What you will do:
Up to and including the line with "More telling, bicycles", write out the listing from its first line, minus the pictures.

Dataset content:
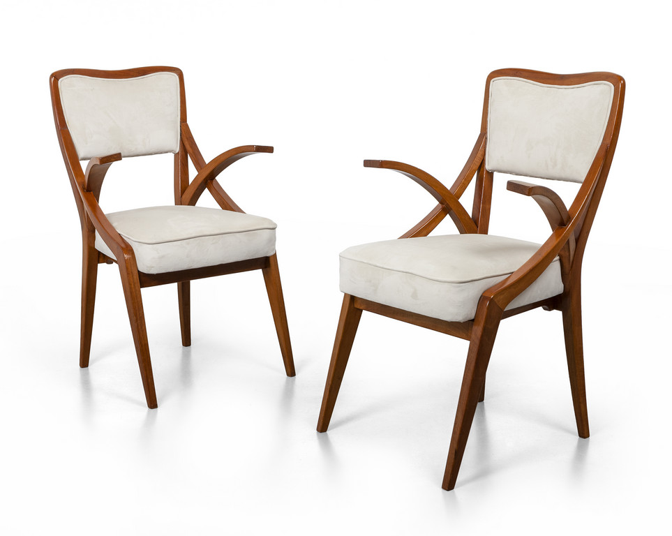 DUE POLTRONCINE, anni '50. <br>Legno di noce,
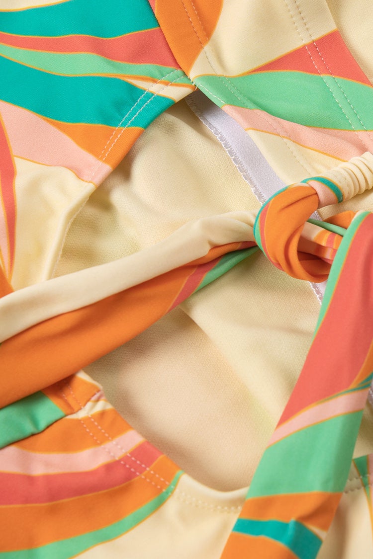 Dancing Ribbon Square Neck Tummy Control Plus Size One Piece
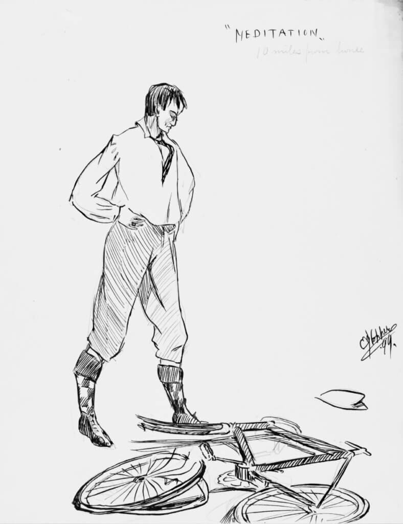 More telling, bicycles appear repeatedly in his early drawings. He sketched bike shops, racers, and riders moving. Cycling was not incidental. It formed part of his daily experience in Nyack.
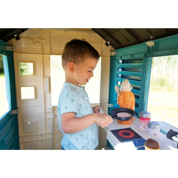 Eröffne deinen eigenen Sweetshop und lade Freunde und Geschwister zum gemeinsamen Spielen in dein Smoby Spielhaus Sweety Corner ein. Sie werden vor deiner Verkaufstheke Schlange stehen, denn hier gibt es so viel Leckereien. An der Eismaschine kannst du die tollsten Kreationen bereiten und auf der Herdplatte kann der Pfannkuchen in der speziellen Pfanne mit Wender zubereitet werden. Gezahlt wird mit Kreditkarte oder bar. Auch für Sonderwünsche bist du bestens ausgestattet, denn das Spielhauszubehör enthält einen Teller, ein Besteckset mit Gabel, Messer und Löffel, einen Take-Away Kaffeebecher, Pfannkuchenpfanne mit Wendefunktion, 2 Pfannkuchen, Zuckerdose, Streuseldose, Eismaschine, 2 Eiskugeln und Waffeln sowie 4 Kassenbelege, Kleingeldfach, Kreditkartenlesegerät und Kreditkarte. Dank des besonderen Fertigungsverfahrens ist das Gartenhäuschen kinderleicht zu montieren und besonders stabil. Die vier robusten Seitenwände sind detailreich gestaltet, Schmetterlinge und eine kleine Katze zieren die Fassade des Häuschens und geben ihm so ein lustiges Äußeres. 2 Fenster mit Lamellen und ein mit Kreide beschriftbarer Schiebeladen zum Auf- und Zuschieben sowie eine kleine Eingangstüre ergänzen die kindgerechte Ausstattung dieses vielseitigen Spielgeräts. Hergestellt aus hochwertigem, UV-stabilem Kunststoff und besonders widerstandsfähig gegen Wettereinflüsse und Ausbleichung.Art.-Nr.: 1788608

Exercise solution:
 DUE POLTRONCINE, anni '50. <br>Legno di noce,
 Dancing Ribbon Square Neck Tummy Control Plus Size One Piece
 More telling, bicycles appear repeatedly in his early drawings. He sketched bike shops, racers, and riders moving. Cycling was not incidental. It formed part of his daily experience in Nyack.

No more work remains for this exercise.